Work order | When you return the data, keep every word exact and include none of the images.
** Opening Recorded data block **
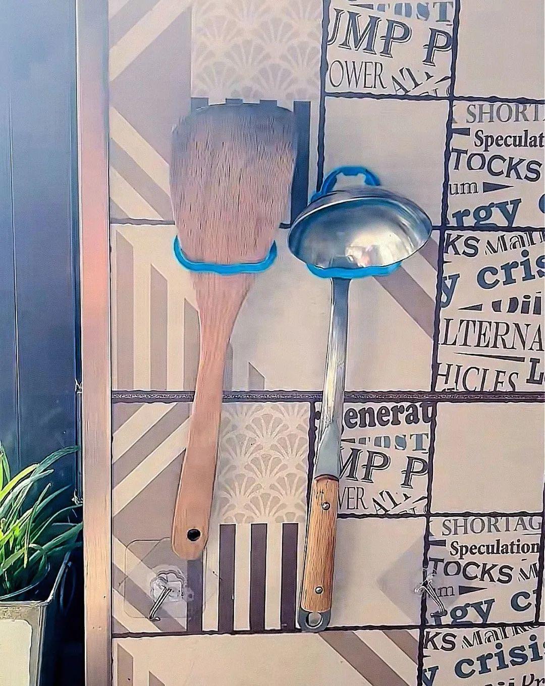 提手的部分比普通掛鉤要寬的很多,可以用來收納廚房用品,如勺子、鏟子、抹布等。
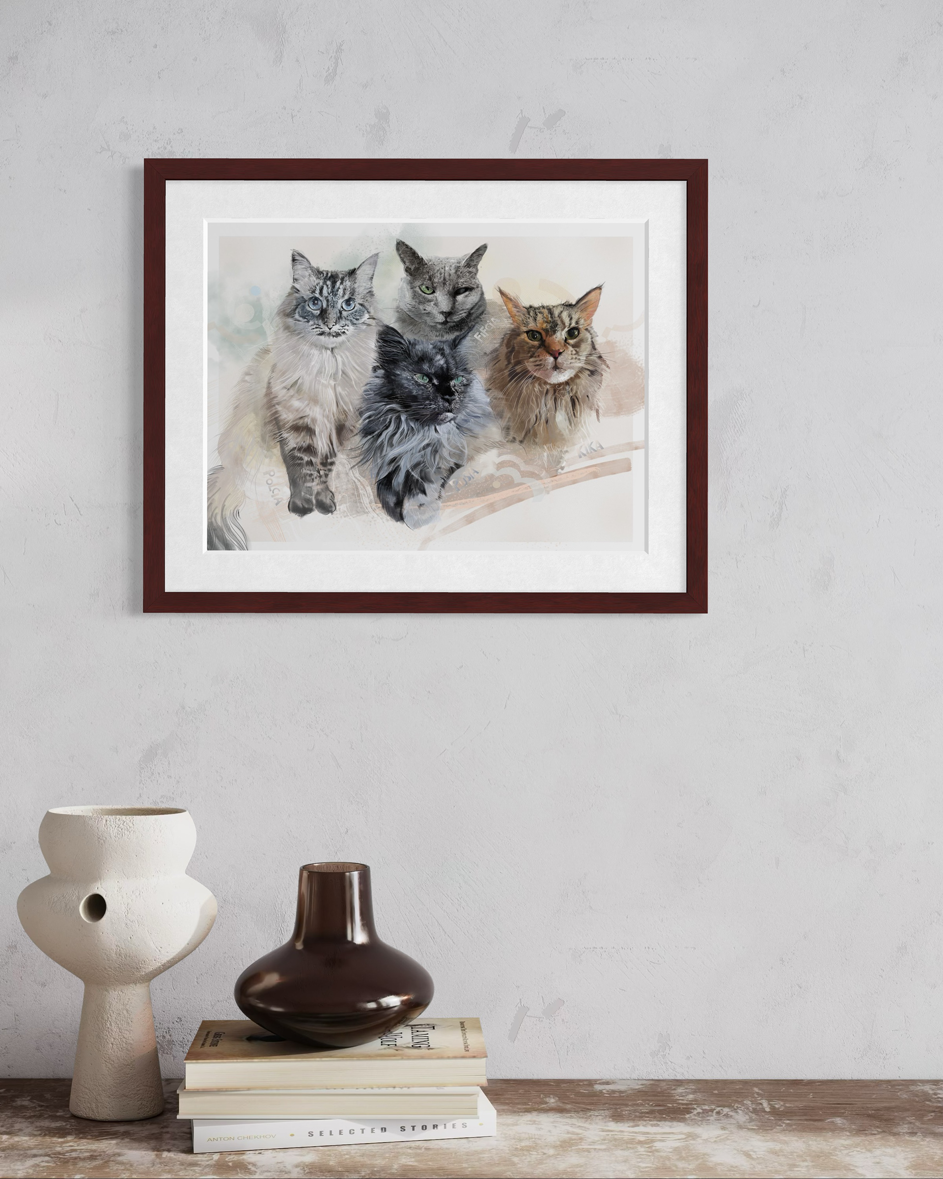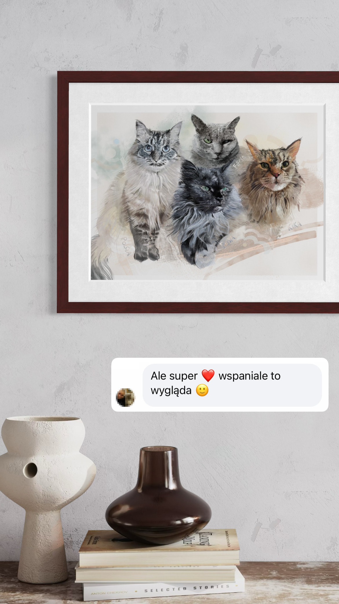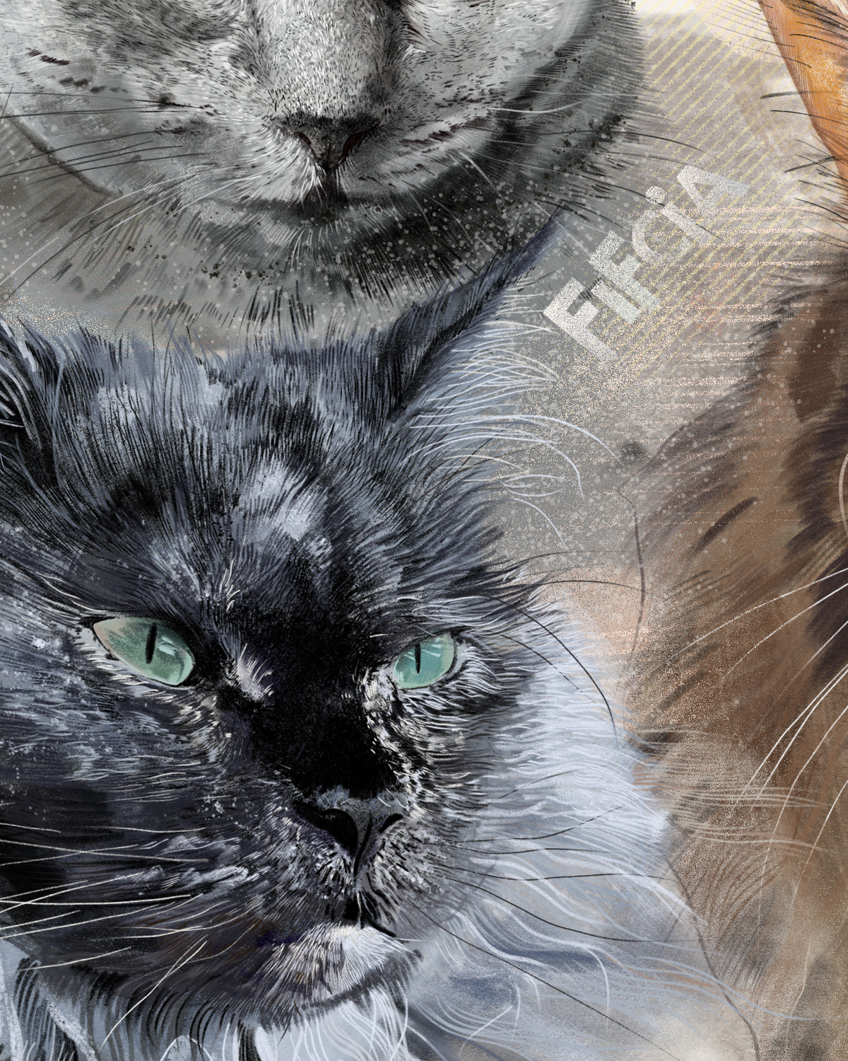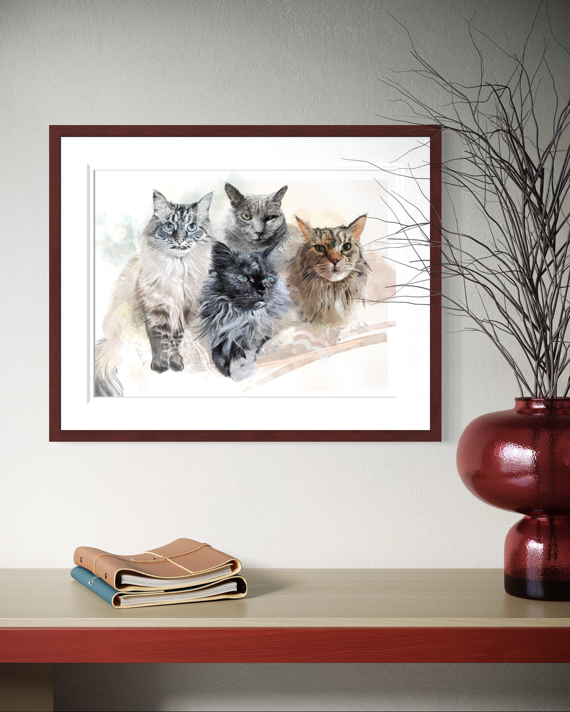 Rysuje portrety zwierzaków na zamówienie. Poznajcie cztery kotki. Każdy portret to połączenie tradycyjnego rysunku na papierze z cyfrowym szkicem na iPad Pro – dzięki temu ma swój niepowtarzalny charakter.
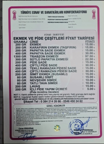 Nevşehir merkezde Fırıncı esnafının Nevşehir Esnaf ve Sanatkarlar Odası Başkanlığına zam talebi sonrası yapılan araştırmalar sonrası artan maliyetler göz önünde bulundurularak Esnaf ve Sanatkarlar Odası Komisyonu tarafından zam kararı alındı.
** Closing Recorded data block **
Solution |
 提手的部分比普通掛鉤要寬的很多,可以用來收納廚房用品,如勺子、鏟子、抹布等。
 Rysuje portrety zwierzaków na zamówienie. Poznajcie cztery kotki. Każdy portret to połączenie tradycyjnego rysunku na papierze z cyfrowym szkicem na iPad Pro – dzięki temu ma swój niepowtarzalny charakter.
 Nevşehir merkezde Fırıncı esnafının Nevşehir Esnaf ve Sanatkarlar Odası Başkanlığına zam talebi sonrası yapılan araştırmalar sonrası artan maliyetler göz önünde bulundurularak Esnaf ve Sanatkarlar Odası Komisyonu tarafından zam kararı alındı.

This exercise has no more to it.